DATASET EXCERPTS —
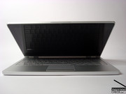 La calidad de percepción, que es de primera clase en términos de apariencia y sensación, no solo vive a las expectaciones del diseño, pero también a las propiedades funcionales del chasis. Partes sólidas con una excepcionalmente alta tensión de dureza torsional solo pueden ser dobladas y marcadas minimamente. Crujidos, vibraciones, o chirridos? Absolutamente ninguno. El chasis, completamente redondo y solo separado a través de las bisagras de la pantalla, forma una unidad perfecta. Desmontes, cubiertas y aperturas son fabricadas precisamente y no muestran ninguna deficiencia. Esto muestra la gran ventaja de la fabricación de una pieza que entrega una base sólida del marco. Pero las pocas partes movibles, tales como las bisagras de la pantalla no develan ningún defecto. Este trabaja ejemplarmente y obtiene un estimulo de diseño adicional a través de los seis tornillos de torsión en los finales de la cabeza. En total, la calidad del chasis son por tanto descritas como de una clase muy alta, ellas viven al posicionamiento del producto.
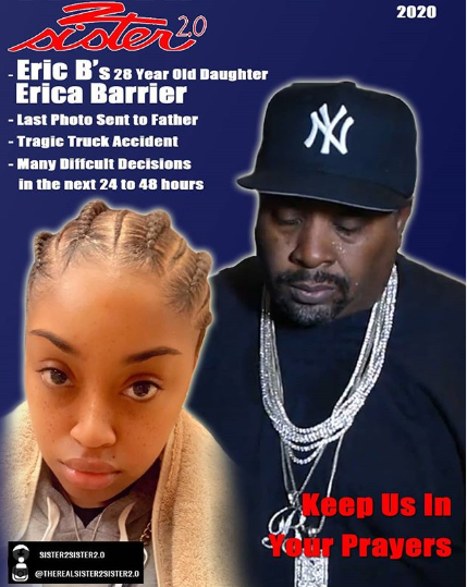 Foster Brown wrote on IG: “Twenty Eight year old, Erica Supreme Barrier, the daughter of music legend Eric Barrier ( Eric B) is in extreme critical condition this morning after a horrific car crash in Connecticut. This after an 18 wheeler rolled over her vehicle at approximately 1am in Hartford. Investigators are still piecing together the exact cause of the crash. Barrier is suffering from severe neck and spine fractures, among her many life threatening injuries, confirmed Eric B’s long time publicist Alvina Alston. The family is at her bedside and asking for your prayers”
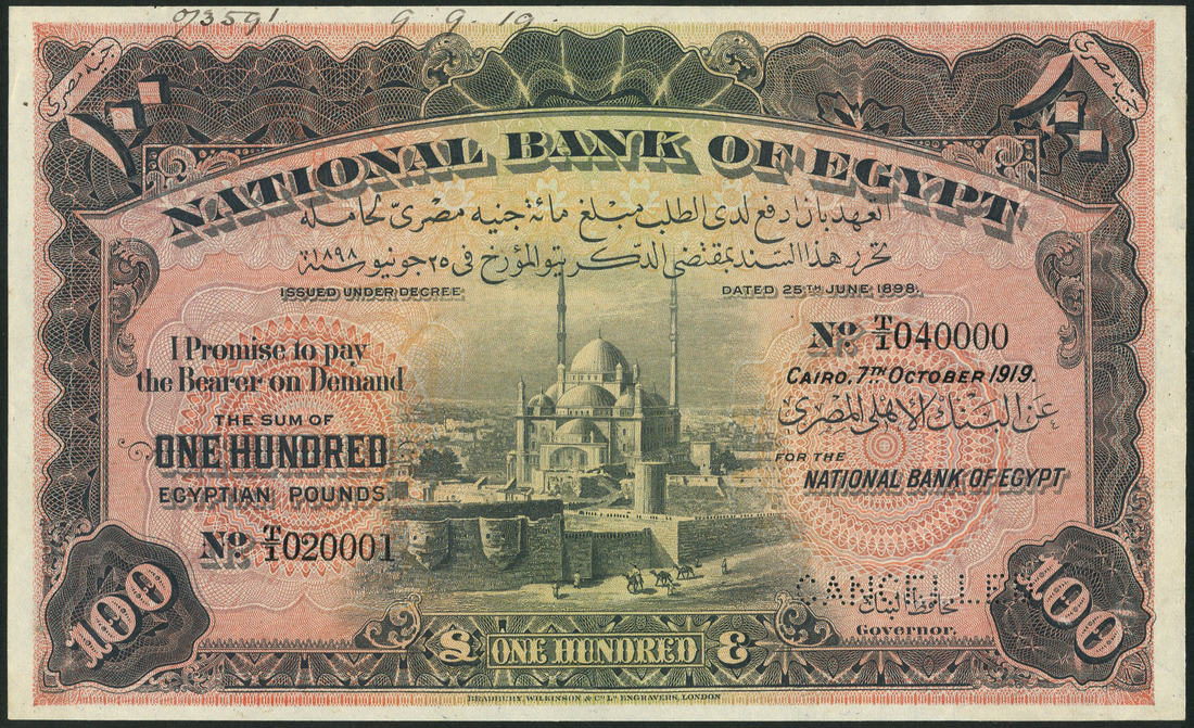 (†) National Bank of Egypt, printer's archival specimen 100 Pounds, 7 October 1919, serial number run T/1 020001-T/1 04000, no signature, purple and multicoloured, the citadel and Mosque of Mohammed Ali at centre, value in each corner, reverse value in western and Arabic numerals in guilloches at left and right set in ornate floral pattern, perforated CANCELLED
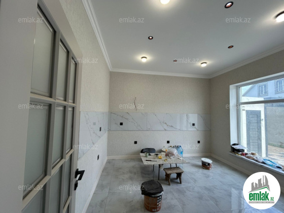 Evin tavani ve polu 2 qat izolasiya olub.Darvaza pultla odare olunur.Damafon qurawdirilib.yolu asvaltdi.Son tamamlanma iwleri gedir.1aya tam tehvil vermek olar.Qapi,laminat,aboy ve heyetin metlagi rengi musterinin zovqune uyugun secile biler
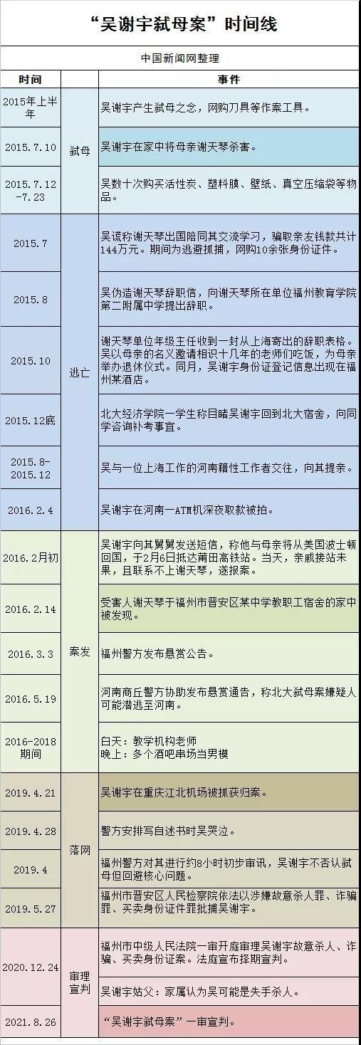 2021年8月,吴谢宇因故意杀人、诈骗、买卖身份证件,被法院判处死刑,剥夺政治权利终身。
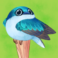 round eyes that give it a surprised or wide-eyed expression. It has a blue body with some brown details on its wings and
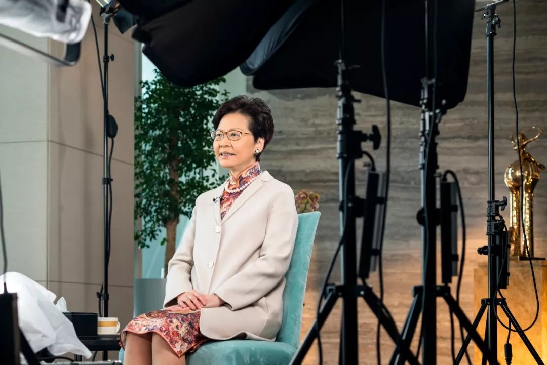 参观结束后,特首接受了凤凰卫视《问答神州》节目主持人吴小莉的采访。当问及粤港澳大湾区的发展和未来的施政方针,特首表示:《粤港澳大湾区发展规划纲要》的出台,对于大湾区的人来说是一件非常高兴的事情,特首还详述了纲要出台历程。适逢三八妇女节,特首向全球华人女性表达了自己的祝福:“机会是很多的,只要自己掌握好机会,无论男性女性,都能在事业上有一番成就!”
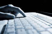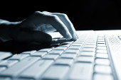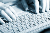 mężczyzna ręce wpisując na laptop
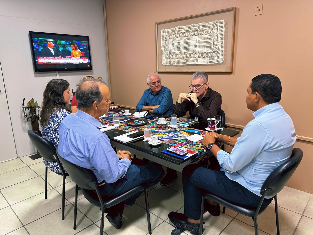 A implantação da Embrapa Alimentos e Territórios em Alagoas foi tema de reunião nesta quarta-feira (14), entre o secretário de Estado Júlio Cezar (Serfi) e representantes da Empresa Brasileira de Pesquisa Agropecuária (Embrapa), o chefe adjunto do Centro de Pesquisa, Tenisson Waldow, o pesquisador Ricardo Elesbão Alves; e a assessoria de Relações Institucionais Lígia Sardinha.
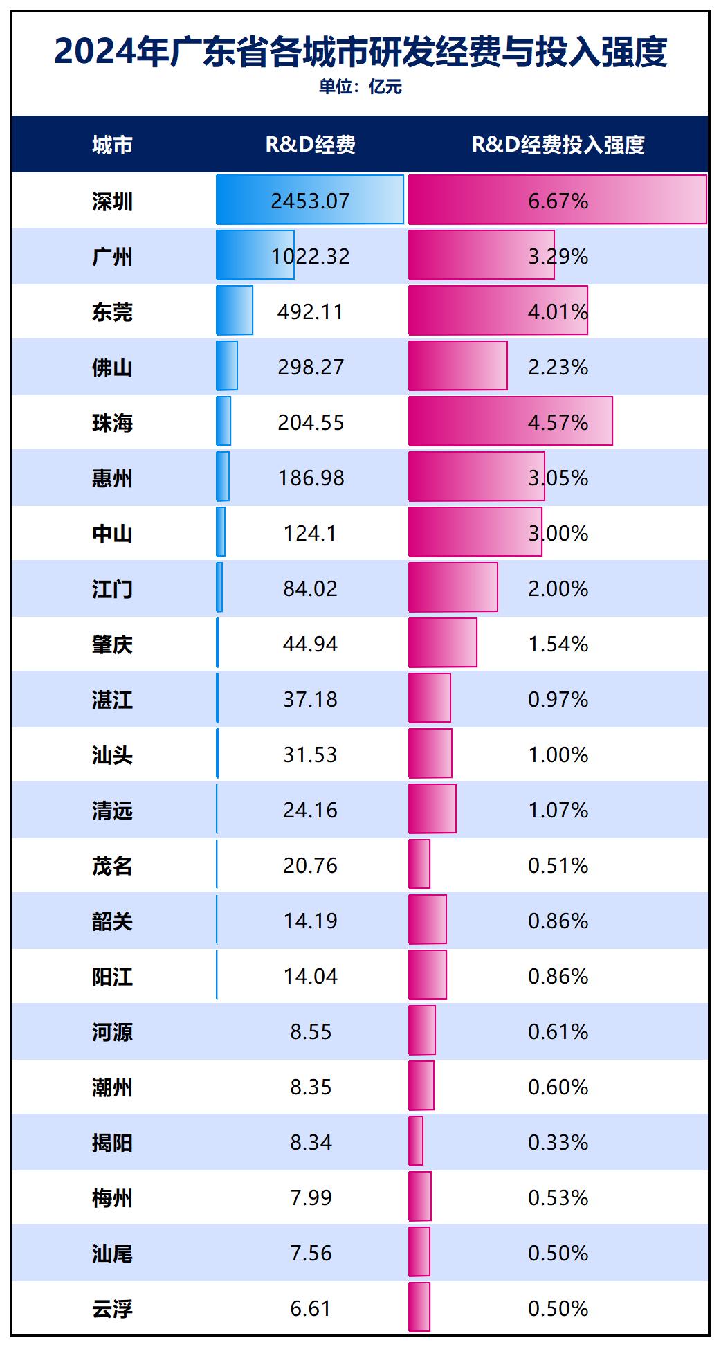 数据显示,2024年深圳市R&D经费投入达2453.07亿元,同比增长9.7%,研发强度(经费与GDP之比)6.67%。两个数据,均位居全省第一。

EXERCISE —
Return exactly the part of the listing above that opens with the line containing "2021年8月,吴谢宇因故意" and closes with the line containing "mężczyzna ręce wpisując na laptop". Pictures stay out.

RESULT OF THE EXERCISE —
 2021年8月,吴谢宇因故意杀人、诈骗、买卖身份证件,被法院判处死刑,剥夺政治权利终身。
 round eyes that give it a surprised or wide-eyed expression. It has a blue body with some brown details on its wings and
 参观结束后,特首接受了凤凰卫视《问答神州》节目主持人吴小莉的采访。当问及粤港澳大湾区的发展和未来的施政方针,特首表示:《粤港澳大湾区发展规划纲要》的出台,对于大湾区的人来说是一件非常高兴的事情,特首还详述了纲要出台历程。适逢三八妇女节,特首向全球华人女性表达了自己的祝福:“机会是很多的,只要自己掌握好机会,无论男性女性,都能在事业上有一番成就!”
 mężczyzna ręce wpisując na laptop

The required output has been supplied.